Gulf installs the energy management equipment at the customer’s residence at no charge upon the customer’s initial request for RSVP service.  If the same customer requests service at the same residence under the RSVP rate after returning to the RS rate, they will be charged $179 for re-installation costs.  In addition, the tariff includes a $109 charge for removal of the equipment if a customer elects to return to the RS rate after participating in the program for a second time.  These charges are intended to cover additional installation and removal costs.  

 

Staff believes that allowing customers to take service under the RSVP rate for less than one year is appropriate.  Removal of the initial one-year participation requirement should result in a greater number of customers choosing to participate in Gulf’s AEM program.  A higher participation rate should result in greater peak demand reduction, and thus increase the conservation benefits associated with the program.  Gulf’s proposed RSVP rate schedule and associated agreement revisions should therefore be approved.

           
Issue
2:  Should this docket be closed?

Recommendation:  Yes.  If Issue 1 is approved, this tariff should become effective on January 18, 2005.  If a protest is filed within 21 days of the issuance of the order, the tariff should remain in effect with any revenues held subject to refund pending resolution of the protest.  If no timely protest is filed, this docket should be closed upon the issuance of a consummating order. (Brown)
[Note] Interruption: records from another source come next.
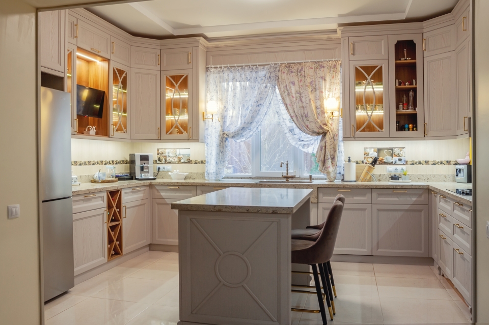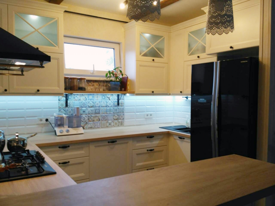 Кухня студія в будинку в стилі неокласика Трендовий Колір фасадів Кашемір NCS S 2005-Y60R із поєднанням із теплим кольором дерева. Фасади Масив ясена....
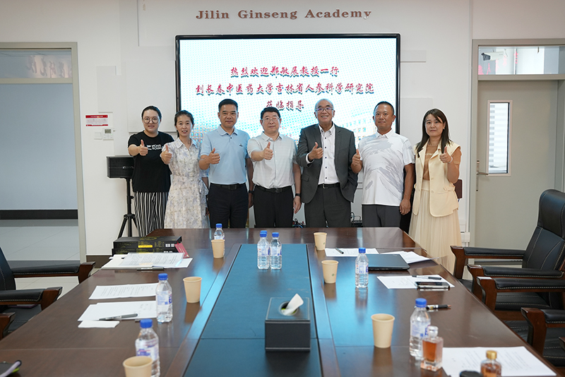 7月29日,郑敏展教授到访长春中医药大学吉林省人参科学研究院,通过参观校史展览、人参展馆,与院校领导及专家互动交流,进一步了解吉林省道地药材。长春中医药大学介绍本院通过网络药理学、药物基因测序等相关技术,在中药研发及技术革新等方面取得的科研成果。双方在中草药致癌物质研究,量效加权网络药理学等相关研究进行多方位探讨。
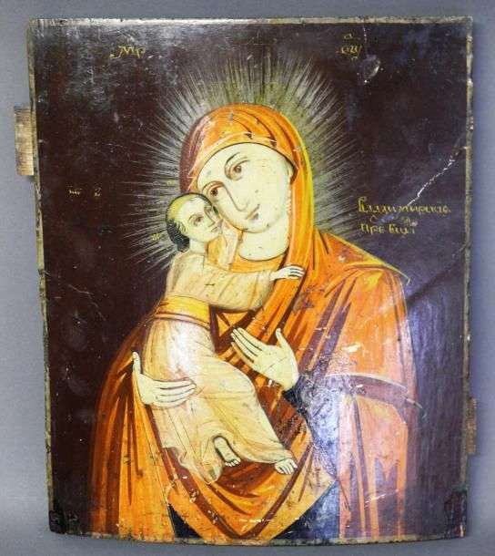 Icône de la Vierge de Wladimir. Vierge du type Eleousa (de tendresse), dont l'originale serait due à l'évangéliste Saint Luc. C'est l'icône protectrice de la Russie. Représentation éloignée des modèles classiques russes. Certainement originaire des Balkans: Moldavie, Roumanie... XIXe s. Des manques et égratignures, restaurations. 28,5 x 24 cm

Staff Analysis:  If Issue 1 is approved, this tariff should become effective on January 18, 2005.  If a protest is filed within 21 days of the issuance of the order, the tariff should remain in effect with any revenues held subject to refund pending resolution of the protest.  If no timely protest is filed, this docket should be closed upon the issuance of a consummating order.